Oh, by the way, I've started Weight Watchers again. Just thought I'd throw that in there. :)
I absolutely love salmon. I can't get enough of it. I hate all things fish related so this is a really weird one for me. But I honestly could eat the whole package I love it so much. After counting the points, I realized that each fillet is less than 2 points each so I guess it wouldn't be that bad but I'm trying to put gluteny on the back burner.
I start with a frozen package of wild Pacific salmon. I let it thaw in the fridge overnight.
I then brush the top with olive oil.
Sprinkle with salt and cracked pepper.
Bake on a lined baking sheet at 450 degrees for 10 to 14 minutes.
(The package says 10 minutes but I usually add a couple minutes on to the cooking time.)
The salad is a version of a Greek Salad. Here is what I did:
- Chop one cup of cucumber.
- Chop one cup of tomato.
- Chop one small red onion into bite sized pieces.
- (You can add Calamata olives but I didn't have any on hand.)
- Sprinkle salad with dried orageno. (The recipe calls for fresh but I didn't have any of this either.)
- Top with feta cheese. (Mine had gone bad - stinky!! - so I used some mozzarella cheese cut into small pieces. )
- Whisk two teaspoons of olive oil and one teaspoon of red wine vinegar together until emulsified.

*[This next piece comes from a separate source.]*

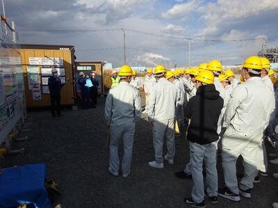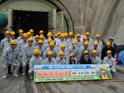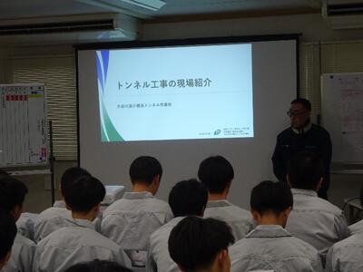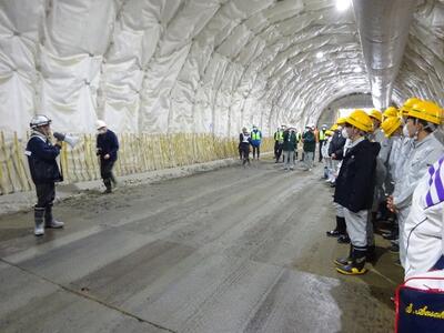 ○宮城県建設業協会石巻支部青年会のご協力により、トンネル工事の現場見学を実施していただきました。現場ではトンネルの構造や役悪などの説明があり、最新の土木技術について学ぶことができました。

Pour over salad. Toss.
Because I'm goofy, I decided to put this into the oven during the last few minutes of the salmon cooking. It melted the cheese, softened the veggies and warmed everything so nicely. I loved it that way!
I couldn't eat all of the salad during one sitting - so I saved it for my dinner. But I did mow down two salmon fillets. LOVE them!!
One Salmon Fillet - 2 points (4 for me since I had 2)
Salad - 2 points for oil (I didn't eat all of the oil as a lot was left in the bottom of the bowl but I still counted it as 2 points since I added oil to the salmon.)Veggies - 0 points
Cheese - 4 points (I had had two serving sizes as I was really low on points this day.)
An eight point super filling lunch! Yum!!